▸ **Aim of the task**
Transcribe every entry verbatim; omit pictures.

(Extracted records)
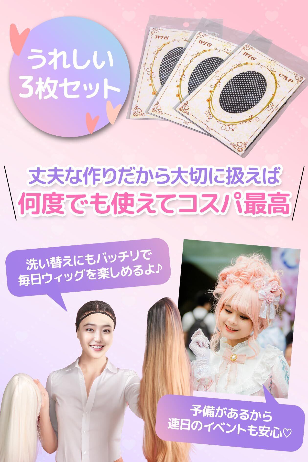 【洗い替えに便利な3枚入り。高コスパのウィッグ用必需品】ウィッグネット3枚セットで予備や洗い替えにも便利 日常使いからイベント用まで幅広く対応。お財布にやさしく耐久性のある素材で正しい取り扱いをすれば繰り返し使える高コスパ仕様です。
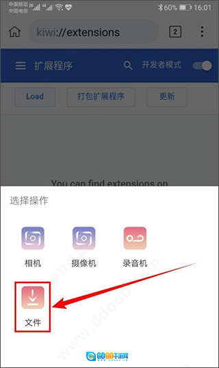 9、接着找到手机里 crx 格式的 Tampermonkey 扩展插件文件,点击该文件。
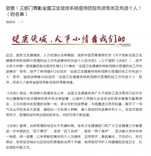 今日,国家卫生健康委、人力资源社会保障部、国家中医药管理局印发《关于表彰全国卫生健康系统新冠肺炎疫情防控工作先进集体和先进个人的决定》。
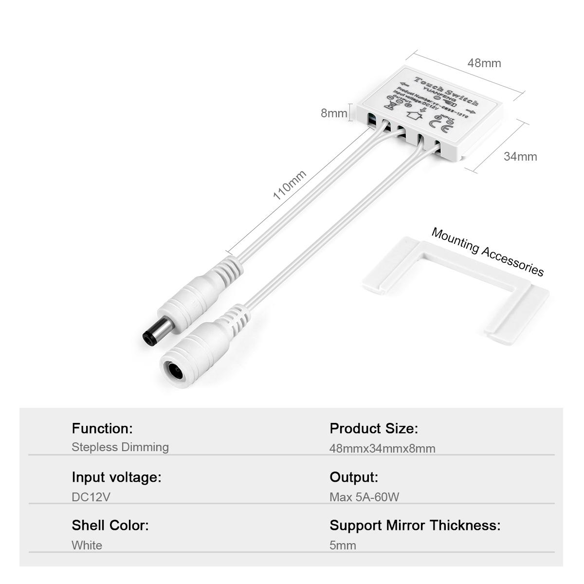 12V 5V USB LED Berøringssensor Bryter Gjennomtrengelig Speil Dimmer For Baderom Toalettbord Sminkespeil Lys Bakgrunnsbelysning Dec
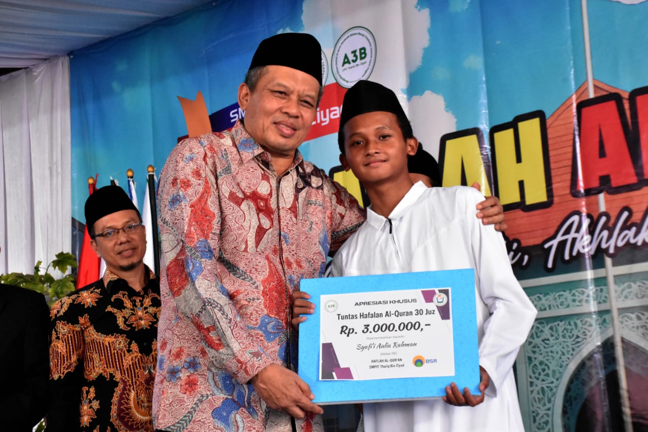 Thariq.sch.id- Dari syahdunya acara Haflah Al-Qur’an SMPIT TBZ, yang diselenggarakan pada Rabu, (28/05/2025), peserta yang hadir dibuat terhenyak sekaligus haru. Betapa tidak, di tengah gempuran derasnya pengaruh media sosial, muncul kisah nyata yang menyentuh hati dan menggugah semangat. Salah satu siswa kelas 9 SMPIT TBZ yang bernama Syafi’i Aulia Rahman berhasil hafal 30 juz Al-Qur’an dalam waktu tiga tahun. Bukan di lingkungan pesantren, tetapi dari rumah, di sekolah, dan di komunitasnya yang sederhana.
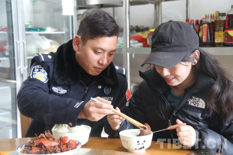 氧氣瓶、高原藥品、熱水......接德吉永措的車上已準備好了各種抗高反和取暖的東西,這讓她提前感受到了來自丈夫單位的熱情與關(guān)懷。與愛人相聚后,旦增洛追帶著妻子參觀營區(qū),迫切地想讓她了解他用青春為之奮斗的警營,隨后他又帶著妻子到單位食堂品嘗自己親自下廚做的紅燒肉?!班牛∥兜篮芎?。”德吉永措吃著丈夫給她夾的肉,臉上洋溢著幸福的笑容。
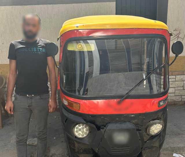 تم التحفظ على مركبة "التوك توك" وإتخاذ الإجراءات القانونية حيال قائدها.
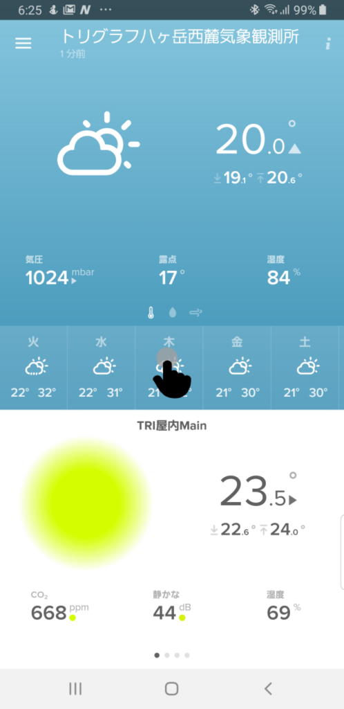Galaxy Noteでトリグラフ八ヶ岳西麓気象観測所のデータをチェック。6時25分の外気温は20.0℃、オフィスの室内気温は23.5℃。今日も快適だ!
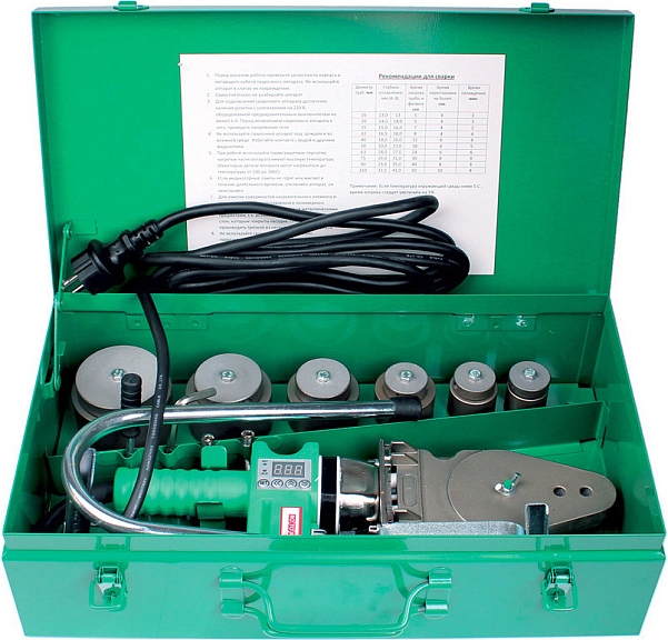 - Сварочные насадки Ø 20, 25, 32, 40, 50, 63 мм (Ø 16 мм при необходимости приобретается отдельно!)
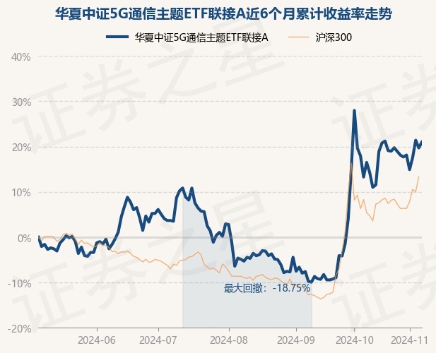 证券之星消息,11月7日,华夏中证5G通信主题ETF联接A最新单位净值为1.1712元,累计净值为1.1712元,较前一交易日上涨1.07%。历史数据显示该基金近1个月上涨5.07%,近3个月上涨27.18%,近6个月上涨20.98%,近1年上涨23.78%。该基金近6个月的累计收益率走势如下图:
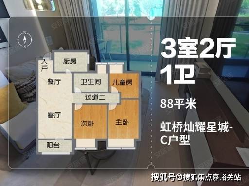 亮点:南北通透,客餐厅连通阳台,三开间朝南,全明无暗室,空间紧凑无浪费。总价 420 万起,首付 127 万起,低门槛入主虹桥核心。
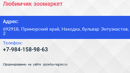 Любимчик, зоомаркет по адресу 692918, Приморский край, Находка, бульвар Энтузиастов, 2 в дальнейшем Организация, размещена в следующих категориях:
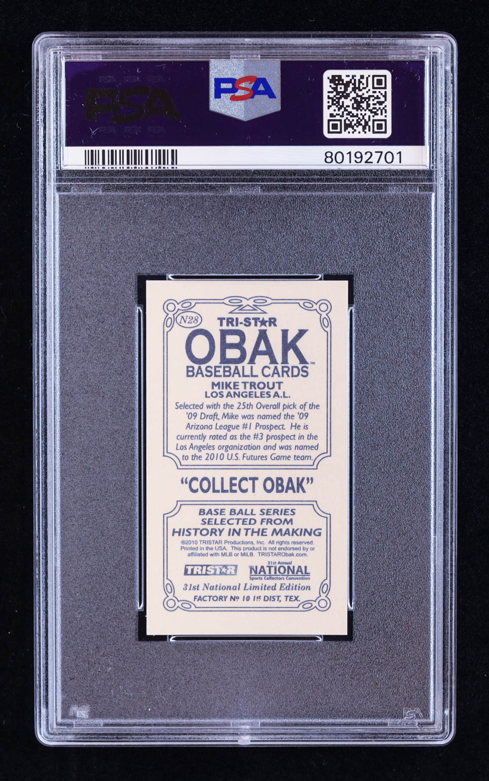 Mike Trout 2010 TRISTAR Obak National Convention VIP Mini #N28 RC (PSA 9)

▸ **Exercise answer**
 【洗い替えに便利な3枚入り。高コスパのウィッグ用必需品】ウィッグネット3枚セットで予備や洗い替えにも便利 日常使いからイベント用まで幅広く対応。お財布にやさしく耐久性のある素材で正しい取り扱いをすれば繰り返し使える高コスパ仕様です。
 9、接着找到手机里 crx 格式的 Tampermonkey 扩展插件文件,点击该文件。
 今日,国家卫生健康委、人力资源社会保障部、国家中医药管理局印发《关于表彰全国卫生健康系统新冠肺炎疫情防控工作先进集体和先进个人的决定》。
 12V 5V USB LED Berøringssensor Bryter Gjennomtrengelig Speil Dimmer For Baderom Toalettbord Sminkespeil Lys Bakgrunnsbelysning Dec
 Thariq.sch.id- Dari syahdunya acara Haflah Al-Qur’an SMPIT TBZ, yang diselenggarakan pada Rabu, (28/05/2025), peserta yang hadir dibuat terhenyak sekaligus haru. Betapa tidak, di tengah gempuran derasnya pengaruh media sosial, muncul kisah nyata yang menyentuh hati dan menggugah semangat. Salah satu siswa kelas 9 SMPIT TBZ yang bernama Syafi’i Aulia Rahman berhasil hafal 30 juz Al-Qur’an dalam waktu tiga tahun. Bukan di lingkungan pesantren, tetapi dari rumah, di sekolah, dan di komunitasnya yang sederhana.
 氧氣瓶、高原藥品、熱水......接德吉永措的車上已準備好了各種抗高反和取暖的東西,這讓她提前感受到了來自丈夫單位的熱情與關(guān)懷。與愛人相聚后,旦增洛追帶著妻子參觀營區(qū),迫切地想讓她了解他用青春為之奮斗的警營,隨后他又帶著妻子到單位食堂品嘗自己親自下廚做的紅燒肉?!班牛∥兜篮芎?。”德吉永措吃著丈夫給她夾的肉,臉上洋溢著幸福的笑容。
 تم التحفظ على مركبة "التوك توك" وإتخاذ الإجراءات القانونية حيال قائدها.
Galaxy Noteでトリグラフ八ヶ岳西麓気象観測所のデータをチェック。6時25分の外気温は20.0℃、オフィスの室内気温は23.5℃。今日も快適だ!
 - Сварочные насадки Ø 20, 25, 32, 40, 50, 63 мм (Ø 16 мм при необходимости приобретается отдельно!)
 证券之星消息,11月7日,华夏中证5G通信主题ETF联接A最新单位净值为1.1712元,累计净值为1.1712元,较前一交易日上涨1.07%。历史数据显示该基金近1个月上涨5.07%,近3个月上涨27.18%,近6个月上涨20.98%,近1年上涨23.78%。该基金近6个月的累计收益率走势如下图:
 亮点:南北通透,客餐厅连通阳台,三开间朝南,全明无暗室,空间紧凑无浪费。总价 420 万起,首付 127 万起,低门槛入主虹桥核心。
 Любимчик, зоомаркет по адресу 692918, Приморский край, Находка, бульвар Энтузиастов, 2 в дальнейшем Организация, размещена в следующих категориях:
 Mike Trout 2010 TRISTAR Obak National Convention VIP Mini #N28 RC (PSA 9)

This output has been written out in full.